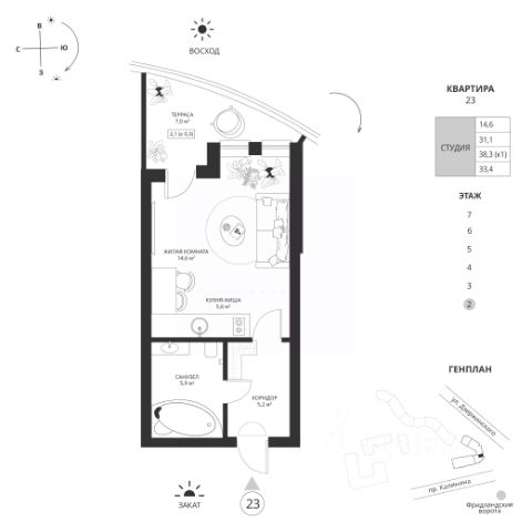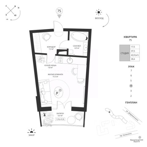 Акция "Черная пятница Х8" .Цена действует только при 100% оплате (в т.ч. при ипотеке без субсидирования) или рассрочке до 6 месяцев при первоначальном взносе от 50%. Срок действия акции: 08.11.25-07.12.25. в данный период необходимо произвести оплату, не является публичной офертой, предложение ограничено. Акция не суммируется ни с какими другими акциями на сайте.Жилой комплекс бизнес-класса в самом центре города со СПА-комплексом, круглогодичным подогреваемым бассейном и собственной управляющей компанией. Комплекс окружен городскими достопримечательностями: - Южный парк - набережная Рыбной деревни - остров Канта, - филиалы Третьяковской галереи и Большого театра - музей Фридландские ворота. Архитектура подчеркивает историческое наследие локации. Комбинированный фасад с элементами балтийского стиля в современном воплощении. Закрытая территория, двор-сад, арт-объекты и вертикальное озеленение. Комьюнити-центр, фитнес-клуб, своя поликлиника. Подходит как для комфортной жизни в центре города с природой, особенной средой и тишиной, так и для инвестиций: каждый метр работает на капитализацию. Комплекс состоит из 2-х 7-этажных домов: 126 квартир и 298 квартир На 1-м этаже располагаются коммерческие помещения. Подземный паркинг рассчитан на 105 машиномест. Квартиры предлагаются в отделке white box. Квартира в ЖК Фридланд 2 очередь - надежная гавань Ваших сбережений. Квартира приобретается по договору долевого участия с эскроу счетом. Возможна оплата и с использованием ипотеки или 100% оплатой за счёт собственных средств. Звоните, с радостью проведем консультацию в удобное для Вас время! Акция не суммируется ни с какими другими акциями на сайте. Все акции, кроме "Черной пятницы", "Спец.цена на данный лот", "К8 дарит подарки" рассчитываются от базовой стоимости. Застройщик ООО "СЗ "СпецСтрой", проектная декларация размещена на сайте наш.дом.рф. Продается квартира-студия с отделкой от застройщика в районе Московский в городе Калининград.
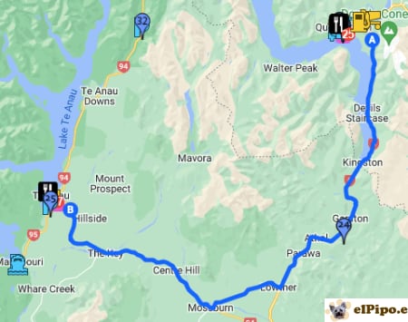 Recogemos el coche en el parquin y ponemos rumbo a nuestro destino durante los 3 próximos días, Te Anau (171Km, 2:10h).
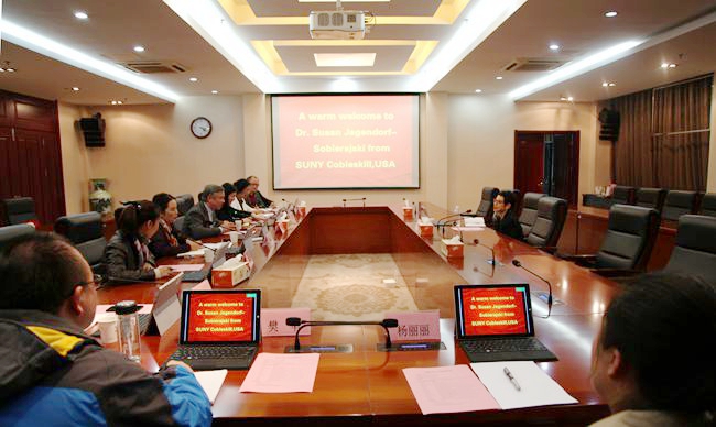 10月23日,美国纽约州立大学科贝尔斯基尔学院国际部主任苏珊女士(Ms.Susan Jagendorf-Sobierajski)来taptap访问,总督学卢兵热情接待了客人,双方就两校合作事宜进行了洽谈。国际合作与交流处、国际教育学院、商务贸易学院相关负责同志和团队老师参加了接待。
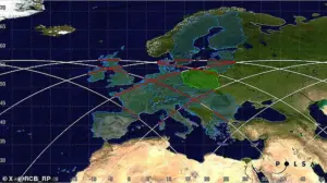 As the rocket re-enters the atmosphere, there is an extremely slim chance that it could fall over Northern Scotland or Ireland. However, it is more likely to fall into the sea or burn up in the atmosphere. Pictured: Possible landing trajectories predicted by the Polish Space Agency
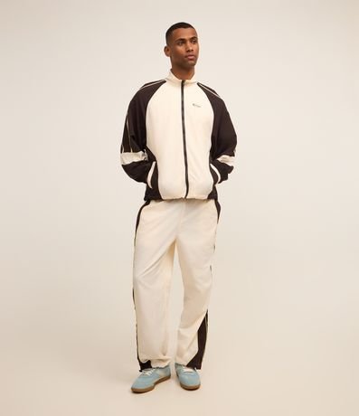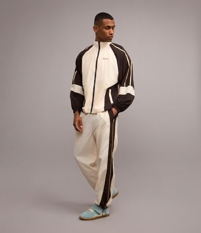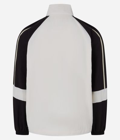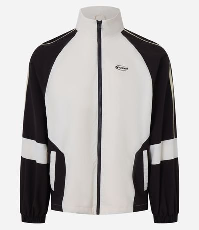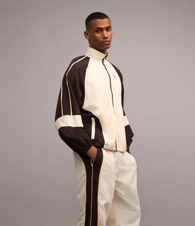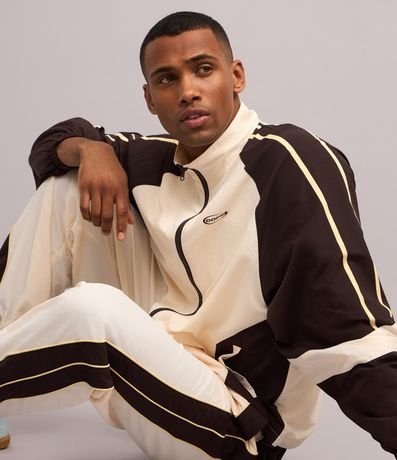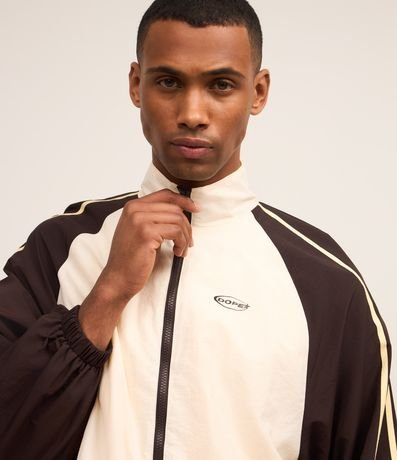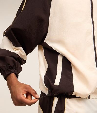 Ref: Jaqueta masculina esportiva em poliamida, com gola alta, fechamento por zíper, bolsos e estampa bloco de cores.
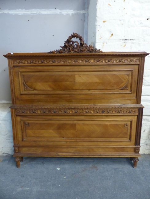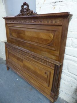 A French walnut bed with carved decoration comprising headboard, tailboard and side rails with slats attached, W160 x L206cm (would suit king sized mattress)
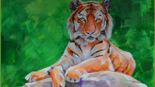 Как нарисовать тигра. Тигр лежащий на камне. Акрил
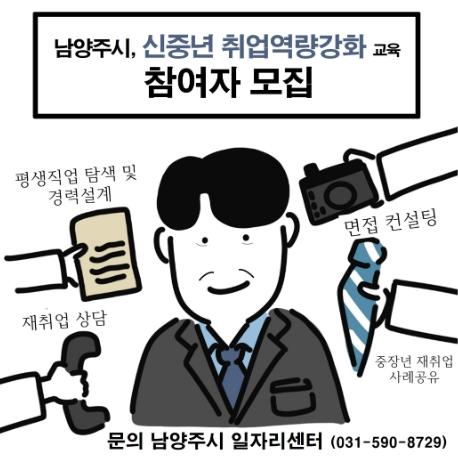[한국뉴스타임=편집국] 남양주시는 퇴직 후 재취업을 준비하는 중장년층을 대상으로‘신중년 취업역량강화 교육’을 오는 8월 9일, 10일 이틀간 운영한다.
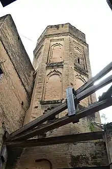 The mosque is unusual in two respects. One is its octagonal minaret, which is rare in Fes and in much of Morocco where minarets with a square base are standard.[2][5] Its other unusual characteristic is that it has two prayer halls on two different stories. The prayer halls are nonetheless in the usual hypostyle format with rows of columns supporting horseshoe arches. The mosque also has a courtyard with a fountain, like other sahns of Moroccan mosques.[2]
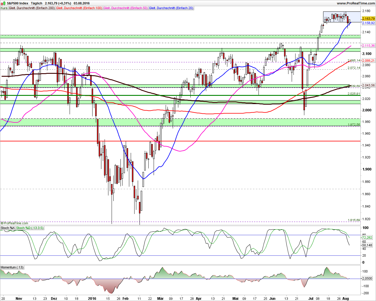 2016-August-04 US-Märkte & Indizes Tagesausgabe "DAX und S&P500 – bullischer Chartverlauf bleibt erhalten"
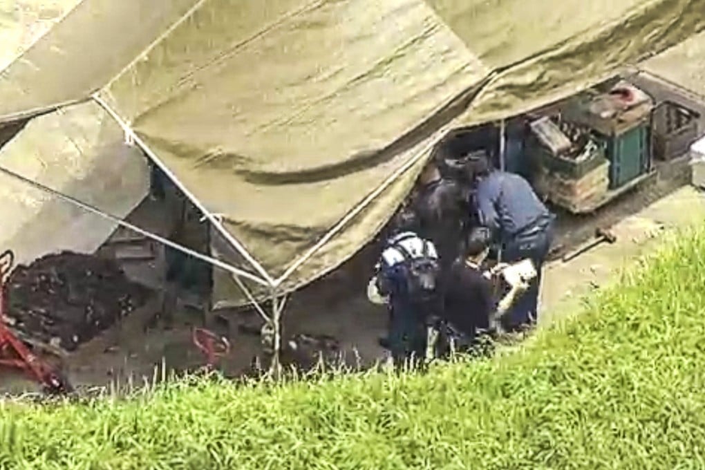 日本自卫队成员在嘉手纳空军基地的设施内,正试图清除物品上的锈迹以重新评估它们是否为炸弹,神运天昭表示。
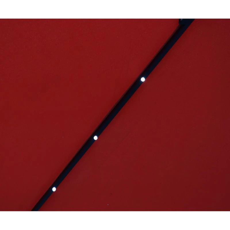Díky integrovanému LED osvětlení lze slunečník používat i ve večerních hodinách. Máte tak možnost užívat si zahradu i po setmění a vytvořit si příjemnou romantickou atmosféru. LED diody jsou napájeny solárním panelem na horní straně slunečníku, ale mějte na paměti, že světla budou správně fungovat pouze tehdy, když je baterie nabitá za slunečného dne.
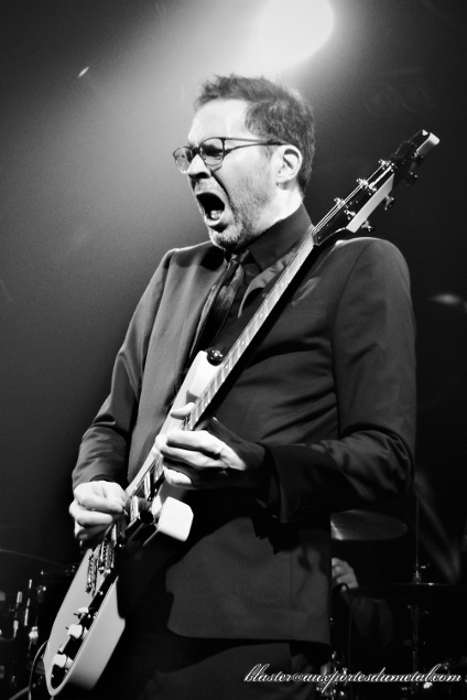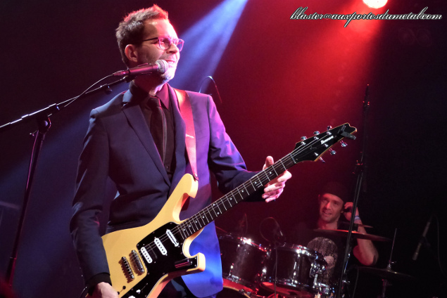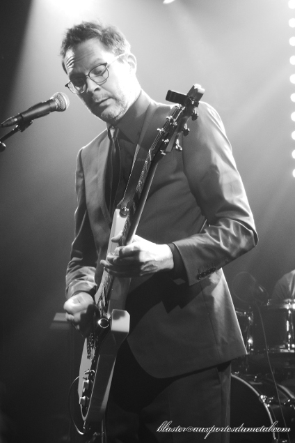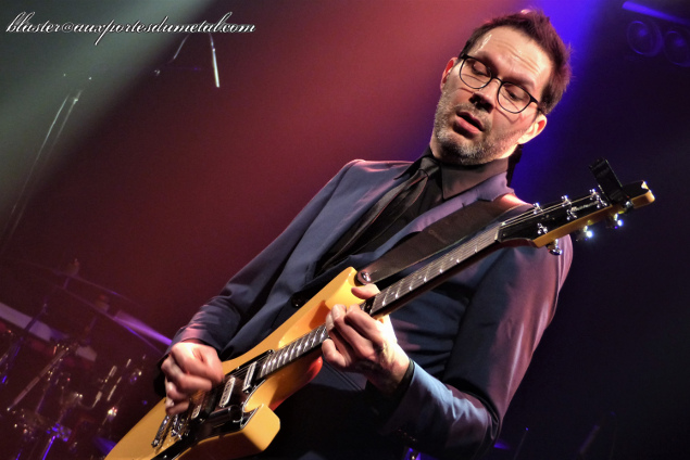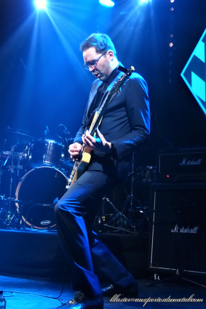 Le guitariste arrive sur scène accompagné de "sa" section rythmique française, visiblement ravi d'être là, avec un petit effort vestimentaire (costume, chemise, cravate, pas tout à fait la configuration rocker décontracté habituelle) qui laisse augurer quelque chose de pas très "metal"... à juste titre. Le trio se lance de suite dans une petite impro instrumentale sur le thème archi-connu du film Rocky histoire de commencer sur quelque chose d'assez festif et conquérant à la fois.
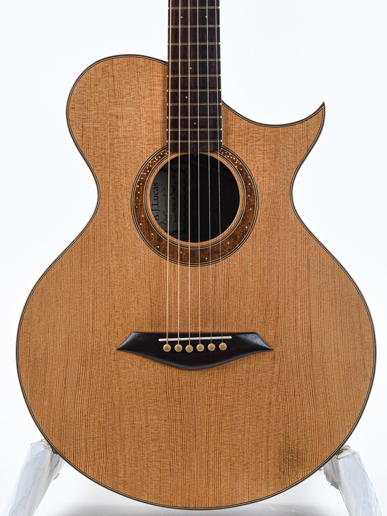 Zum Beispiel baut Lucas die Arbor oft mit der Sweep Cutaway-Option, die einen einfachen Zugang zu den höchsten Bünden ermöglicht. Der "Manzer-Keil" ist ebenfalls ein Markenzeichen der Lucas-Gitarren. Er wurde von Linda Manzer, einer renommierten Gitarrenbauerin, entwickelt. Die Tiefe des Korpus verjüngt sich über die gesamte Breite, so dass er auf der Bassseite unter dem Unterarm des Spielers schlank ist und auf der Diskantseite, wo er auf dem Oberschenkel des Spielers aufliegt, tiefer ist. Dies sorgt für eine bequeme Passform, während das normale Luftvolumen im Korpus erhalten bleibt.
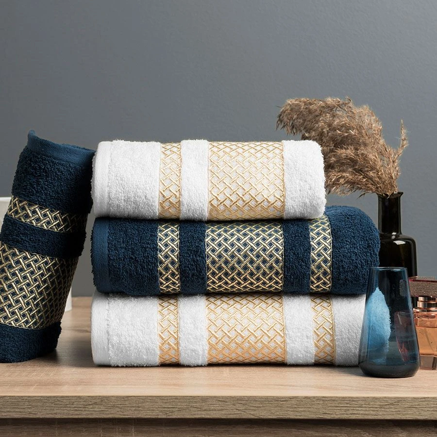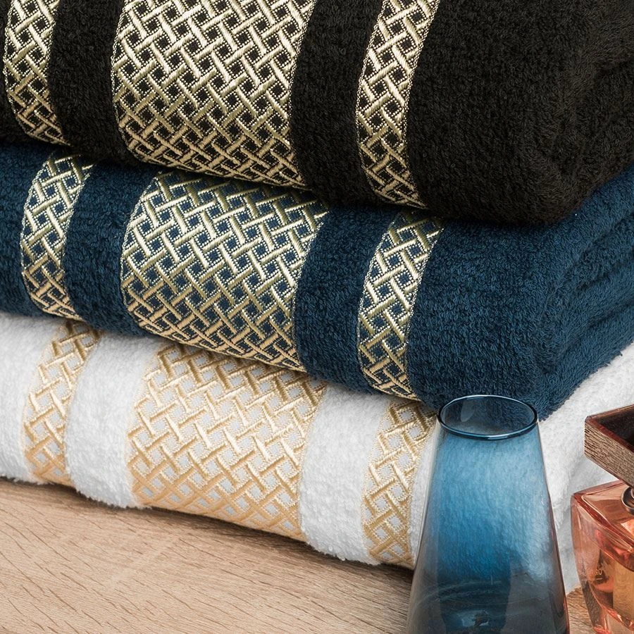 Ręcznik LIONEL 50x90 cm Skład: 96% bawełna, 4% poliester(element ozdobny)Gramatura:450 g/m2PRZEPIS PRANIA:Wyprać przed pierwszym użyciemMaksymalna temperatura prania 60°CNie stosować bielenia / bez bieleniaNie suszyć w suszarce bębnowejPrasowanie w maksymalnej temperaturze dolnej płyty 150°CNie czyścić chemicznie
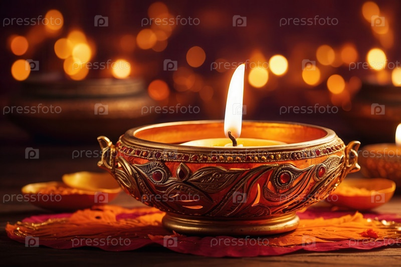 Генеративные красочные украшения Дивали с традиционными свечами, масляными лампами, яркими цветами и декоративными мисками
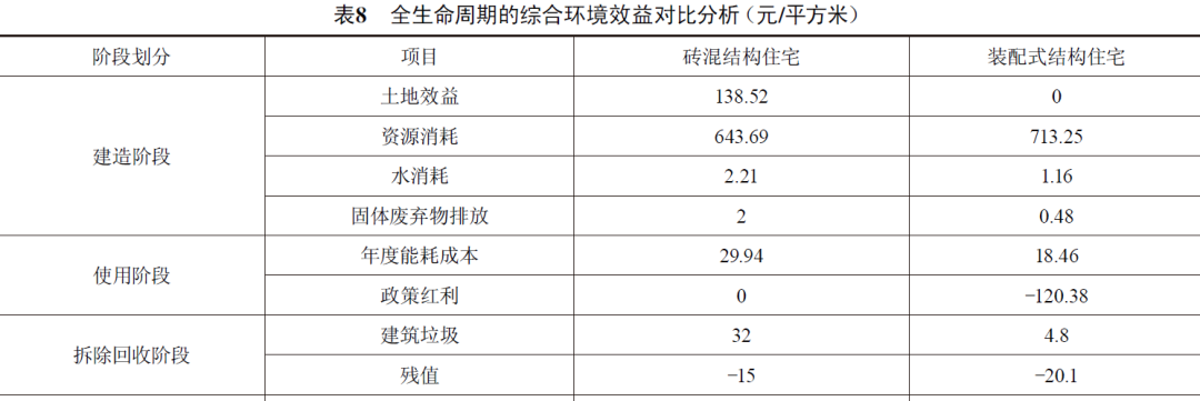 通過裝配式住宅在建造階段、使用階段、拆除回收階段的綜合效益如表8所示。根據(jù)量化分析結(jié)果可知,相比于傳統(tǒng)方式建造的磚混住宅,裝配式住宅在建造階段的土地效益及資源節(jié)約效益顯著;其使用階段享受的政策紅利還能夠帶來效益補(bǔ)償。總體上,裝配式住宅的綜合效益優(yōu)于傳統(tǒng)磚混住宅。
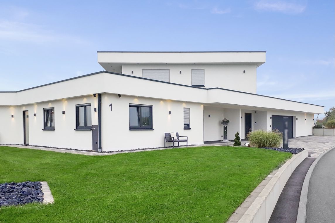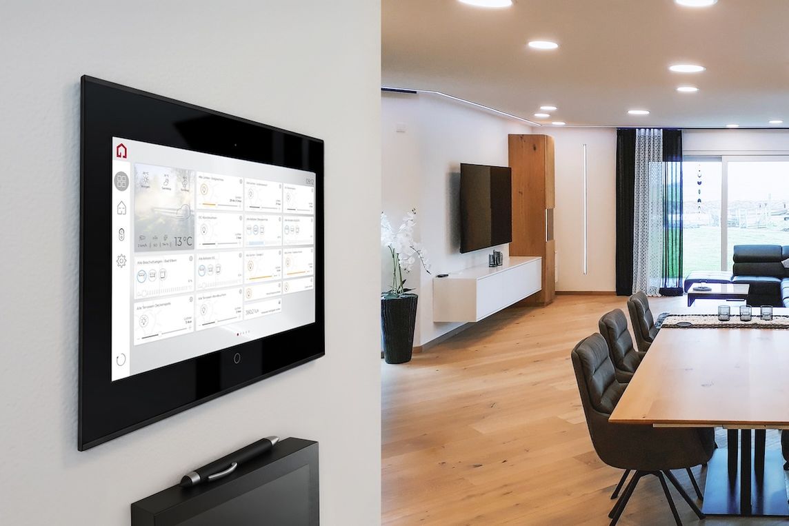 Das Gebäude umfasst ein ebenerdiges Wohnhaus mit 200 m² Wohnfläche, einen Outdoor-Küchenbereich sowie eine 75m²-Einliegerwohnung. Das Touchpanel ist zentral an einer Trennwand zwischen Küche und Flur installiert. Ergänzend sind in allen Räumen Gira 4-Tastsensoren verbaut, die Hauptbeleuchtung und Beschattung bedienen.
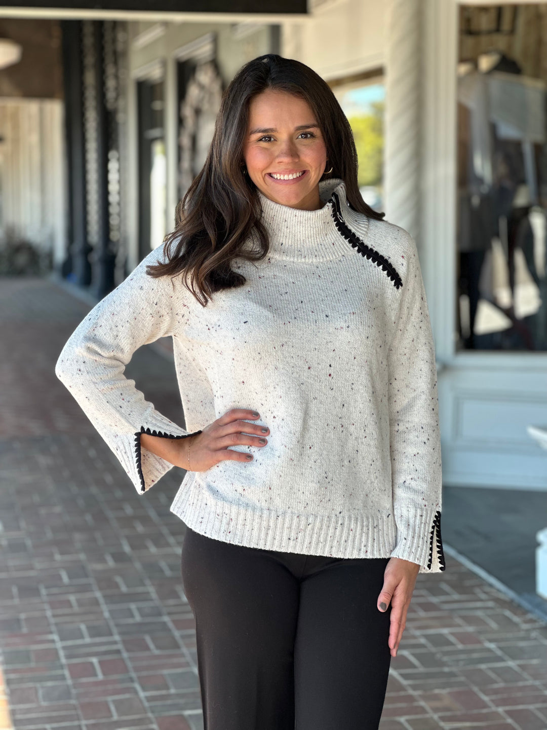 Habitat Harvest Tweed Zip Neck Winter White Sweater
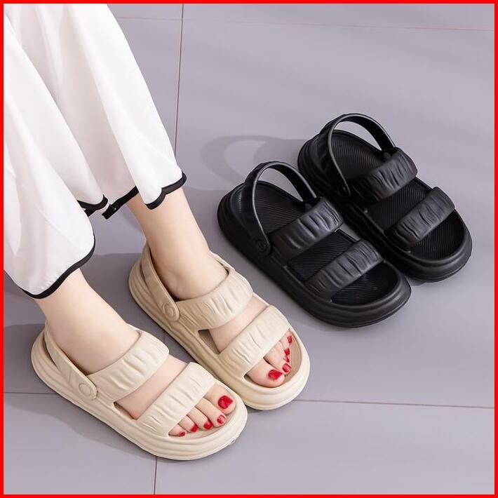 Sepatu Sendal Wanita Korea Slip On Sandal Wanita Selop Tali Belakang Hitam Cewek
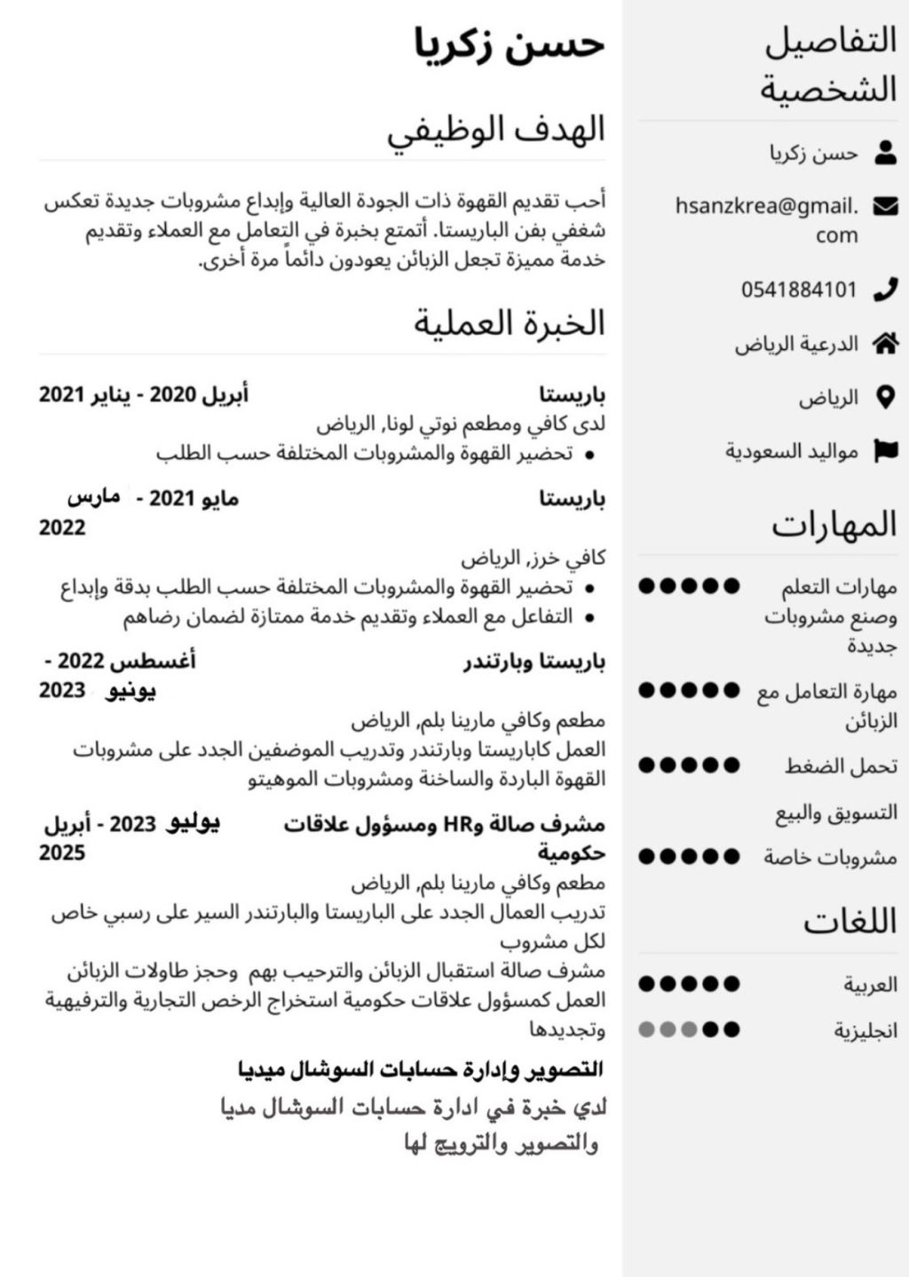 باريستا خبرة في المشروبات الساخنه والباردة من 2019 مقيم في الرياض الإقامة سارية

━━━━━━━━━━━━━━━━━━━━━━━━━━━━━━

Task objective ::
Retype the lines above exactly as they appear, from the line containing "2016-August-04 US-Märkte &" through the line containing "Ręcznik LIONEL 50x90", and leave out any pictures.

Reply to the exercise ::
 2016-August-04 US-Märkte & Indizes Tagesausgabe "DAX und S&P500 – bullischer Chartverlauf bleibt erhalten"
 日本自卫队成员在嘉手纳空军基地的设施内,正试图清除物品上的锈迹以重新评估它们是否为炸弹,神运天昭表示。
Díky integrovanému LED osvětlení lze slunečník používat i ve večerních hodinách. Máte tak možnost užívat si zahradu i po setmění a vytvořit si příjemnou romantickou atmosféru. LED diody jsou napájeny solárním panelem na horní straně slunečníku, ale mějte na paměti, že světla budou správně fungovat pouze tehdy, když je baterie nabitá za slunečného dne.
 Le guitariste arrive sur scène accompagné de "sa" section rythmique française, visiblement ravi d'être là, avec un petit effort vestimentaire (costume, chemise, cravate, pas tout à fait la configuration rocker décontracté habituelle) qui laisse augurer quelque chose de pas très "metal"... à juste titre. Le trio se lance de suite dans une petite impro instrumentale sur le thème archi-connu du film Rocky histoire de commencer sur quelque chose d'assez festif et conquérant à la fois.
 Zum Beispiel baut Lucas die Arbor oft mit der Sweep Cutaway-Option, die einen einfachen Zugang zu den höchsten Bünden ermöglicht. Der "Manzer-Keil" ist ebenfalls ein Markenzeichen der Lucas-Gitarren. Er wurde von Linda Manzer, einer renommierten Gitarrenbauerin, entwickelt. Die Tiefe des Korpus verjüngt sich über die gesamte Breite, so dass er auf der Bassseite unter dem Unterarm des Spielers schlank ist und auf der Diskantseite, wo er auf dem Oberschenkel des Spielers aufliegt, tiefer ist. Dies sorgt für eine bequeme Passform, während das normale Luftvolumen im Korpus erhalten bleibt.
 Ręcznik LIONEL 50x90 cm Skład: 96% bawełna, 4% poliester(element ozdobny)Gramatura:450 g/m2PRZEPIS PRANIA:Wyprać przed pierwszym użyciemMaksymalna temperatura prania 60°CNie stosować bielenia / bez bieleniaNie suszyć w suszarce bębnowejPrasowanie w maksymalnej temperaturze dolnej płyty 150°CNie czyścić chemicznie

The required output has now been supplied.